I found I could request JWTs for any Email ID from Apple and when the signature of these tokens was verified using Apple's public key, they showed as valid. This means an attacker could forge a JWT by linking any Email ID to it and gaining access to the victim's account.
(Score: 3, Funny) by Rosco P. Coltrane on Monday June 01 2020, @02:25PM (6 children)
Well, color me convinced.
(Score: 4, Insightful) by Thexalon on Monday June 01 2020, @02:39PM (5 children)
Yeah, I've heard that one before.
The rules of data haven't changed: If information about you is passing through anyone else's computer for any reason, you should assume that sooner or later they will start collecting it, storing it, analyzing it, and possibly selling it off to somebody else, regardless of what their Terms of Service said or how vehemently their PR flaks swear up and down they would never dream of doing such a thing.
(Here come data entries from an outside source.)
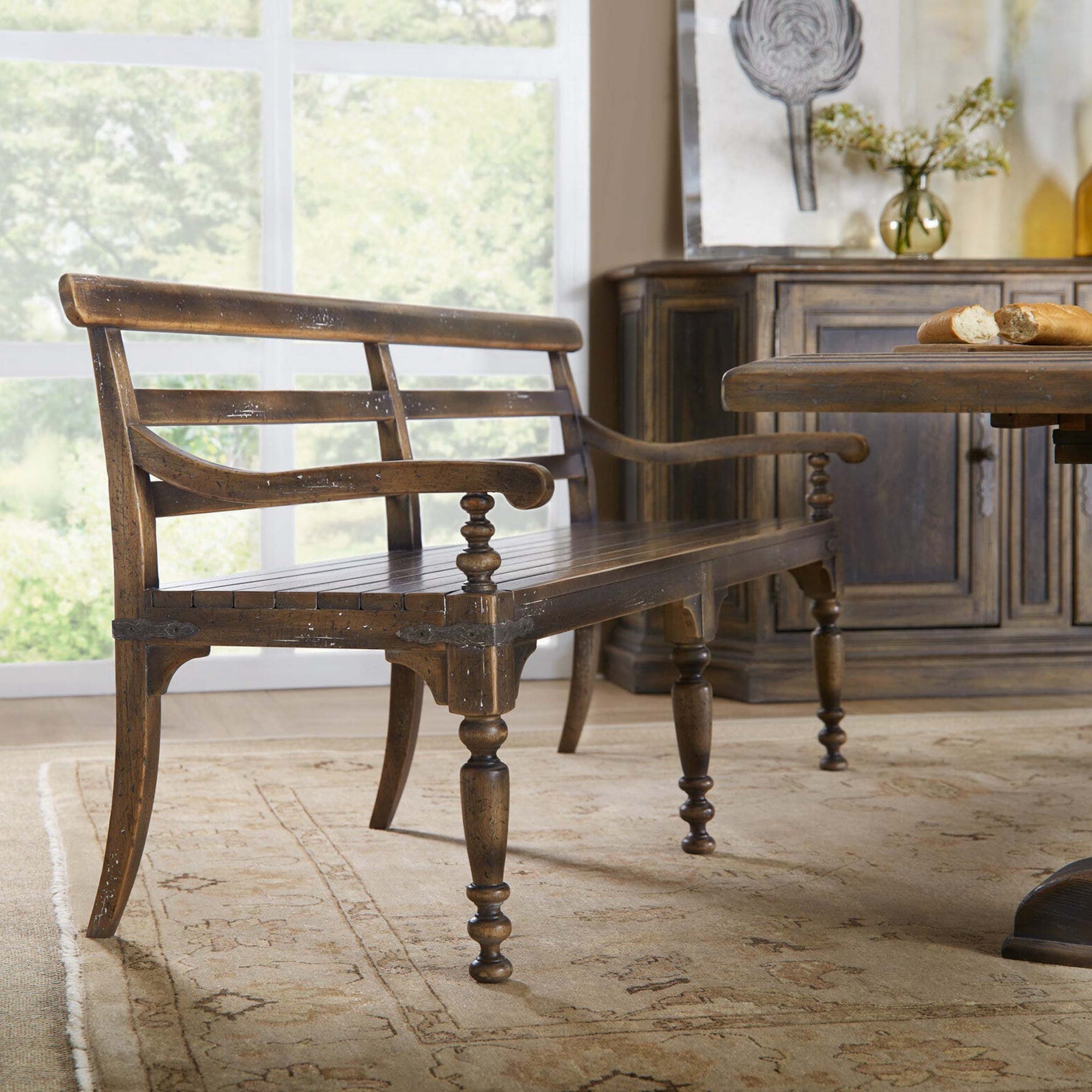 The Hill Country Helotes Dining Bench sets a genteel and gracious tone with its softly-shaped silhouette and authentic American character. Featuring a timeworn saddle brown finish, this piece comfortably seats three people, making it perfect for dining or entertaining. Crafted with a slat back and elegant turned legs, the Hill Country Helotes Dining Bench brings a traditional and formal aesthetic to any home.
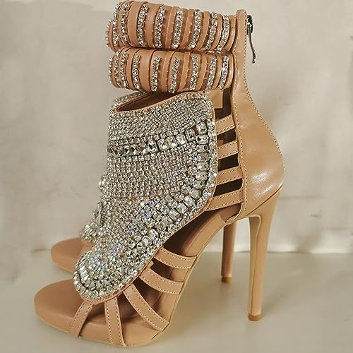 More information about Women Stiletto High Heel Heavy Duty Sandals Open Toe Crystals Diamond Pave Ankle Strap Wedding Dress Shoes Prom Pumps
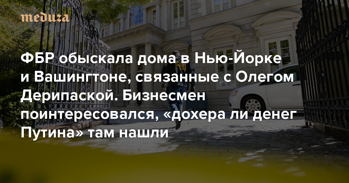 ФБР обыскала дома в Нью-Йорке и Вашингтоне, связанные с Олегом Дерипаской. Бизнесмен поинтересовался, «дохера ли денег Путина» там нашли
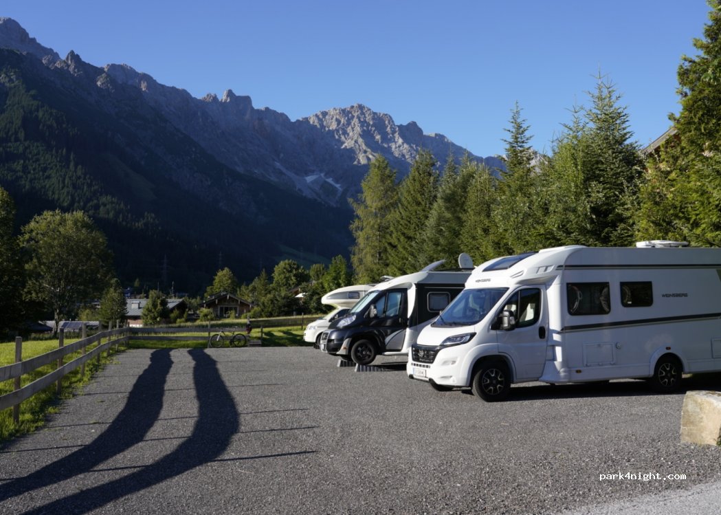 Piccolo spazio per 5 camper fino a 12 m direttamente dietro l'hotel, padroni di casa molto cari. Ottimo panorama sulle montagne.

As an example of a company that started out swearing they didn't do anything remotely like what I just described: Google.
The only thing that stops a bad guy with a compiler is a good guy with a compiler.
(Score: 5, Interesting) by Rosco P. Coltrane on Monday June 01 2020, @02:49PM
The real problem is, they can promise all they want, there's so much money to be made in the dataraping business that they won't resist the lure for very long, even if they honestly try to. Giant tech companies promising not to abuse your personal data is exactly like a heroin addict promising to stay off the needle: sure it's possible they'll keep their promise, but most likely they won't, and in any case you can never trust them.
(Score: 2) by Mykl on Monday June 01 2020, @11:54PM (3 children)
Google have one real source of revenue - Advertising
Facebook have one real source of revenue - Advertising
Apple sells products and services - they don't really need advertising revenue. That makes the lure of selling users' data much less attractive. Not saying that it rules it out - just that they are in a wholly different scenario to Facebook and Google.
(Score: 4, Insightful) by Thexalon on Tuesday June 02 2020, @12:56AM (2 children)
You seem to forget a basic rule of corporate America: There's no such thing as "enough" income. If they can do some horrible thing and raise their profits by 0.05% next quarter, that's exactly what they'll do, because some VP somewhere will get rewarded handsomely for those unexpectedly high numbers.
The only thing that stops a bad guy with a compiler is a good guy with a compiler.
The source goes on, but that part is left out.